Virtual or cryptocurrencies continue to gain momentum. A number of financial institutions and funds are now recognising them as a viable asset class for new products and services. However, nine years on from the first Bitcoin, the true legal status of virtual currencies is no clearer.
We are often asked about the regulator's views on virtual currencies. But arguably the more important question is: what are its fundamental legal characteristics? The answer to this question is critical when looking to consider virtual currencies as an asset class.
Funny money: what are crypto currencies?
First, a disclaimer: virtual currencies clearly come in many forms, from tokens issued by a centralised issuer that can be redeemed against it for value, to crypto-currencies that have no issuer as such and are transferred via blockchain technology on a distributed ledger. This article does not try to address all of the permutations, but instead focuses on decentralised virtual currencies that are generally used as an exchange in value, but do not represent a claim against any particular issuer.
At their core, such cryptocurrencies are simply a mathematical code representing an amount of that virtual currency which is recognised and verified by a public (or 'distributed') ledger as belonging to a particular key. A holder of a cryptocurrency will typically have a public key (akin to an 'address') and a private key. The private key, itself a mathematical number, is required to control and affect a transfer of cryptocurrency to another public key/address.
Given these characteristics, questions regarding the fundamental legal nature of a cryptocurrency emerge that have important ramifications on how cryptocurrencies can be used, and how rights relating to them will be recognised and protected by English law. A central question is whether the law will recognise and protect property rights in cryptocurrencies.
A familiar face – the benefits of recognition
Recognition of 'property' and 'ownership' is crucial for cryptocurrencies to be a viable asset class. Primarily, such recognition would recognise and then protect the true 'owner' in the event the 'property' has been misappropriated by a third party. It would also enable legal concepts that are central to the functioning of financial markets to apply, such as being able to declare a trust over cryptocurrencies (the method by which client assets are protected on an insolvency) or assigning or granting security interests in respect of them.

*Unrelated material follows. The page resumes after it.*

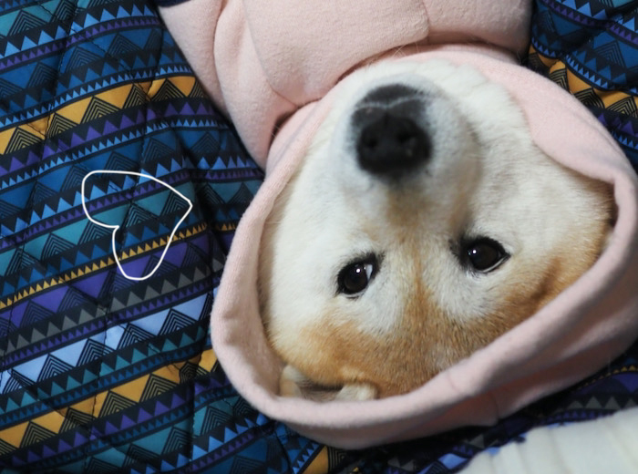 祝日の水曜日、おかげさまで湘南地方は穏やかな晴天となっています。北海道、東北、北陸方面では吹雪や大雪になっているとのこと。心からお見舞い申し上げます。さて、少し前の日差しのない寒かった日、あんにピンクのパーカーを着せていました。貫太同様、フードは苦手です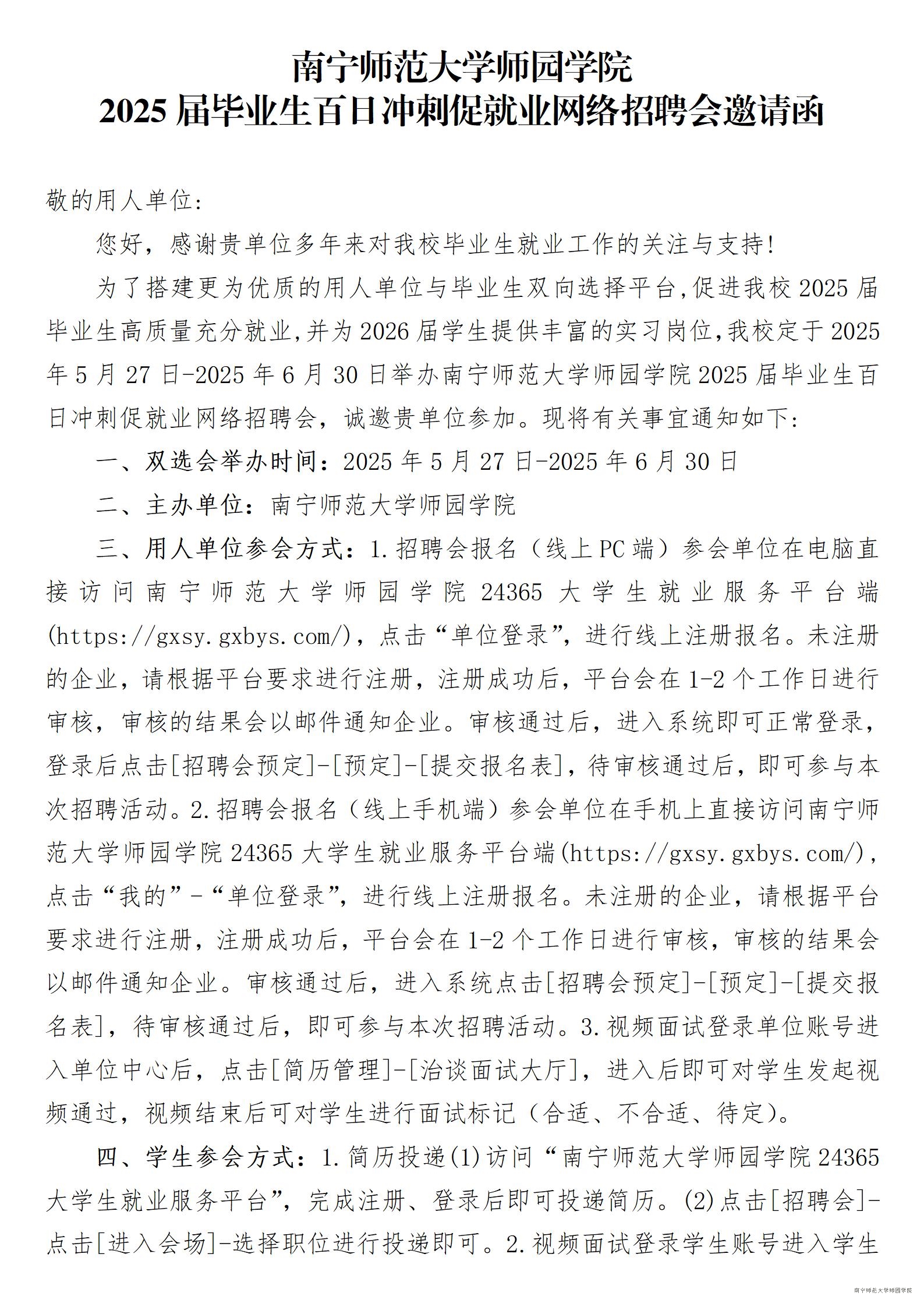 86体育直播2025届毕业生百日冲刺就业网络招聘会邀请函

However, cryptocurrencies defy easy categorisation within the traditional types of property recognised under English law. These categories generally distinguish between real (eg real estate) and personal property. Personal property is further divided into tangible property (choses in possession – i.e. something that can be possessed) or intangible property (choses in action – i.e. a right of action against someone).
The problem with cryptocurrencies is that they are just a mathematical code, where control over that mathematical code falls to anyone with knowledge of the relevant private key (itself a mathematical code). Knowledge of a code is not something that can typically be "possessed". Furthermore, cryptocurrencies on a distributed ledger do not really represent a right of action against anyone, as there is no centralised issuer. Further doubt is cast by a series of English cases that do not consider mere information to be 'property'.
The true nature of cryptocurrencies has not yet been determined by the courts. However, despite the above difficulties, the English courts are generally flexible. They have been willing to recognise 'property' where rights have an economic value and have shown themselves susceptible to transfer and trade. Indeed, the Financial Markets Law Commission believes that cryptocurrencies display some characteristics of both tangible property and intangible property and could constitute their own type of property: the "virtual chose in possession".
Nonetheless, until the issue is resolved by the courts or legislators, uncertainty as to whether English law will recognise property and ownership interests in cryptocurrencies may hinder chances of virtual currency being considered a mainstream asset class.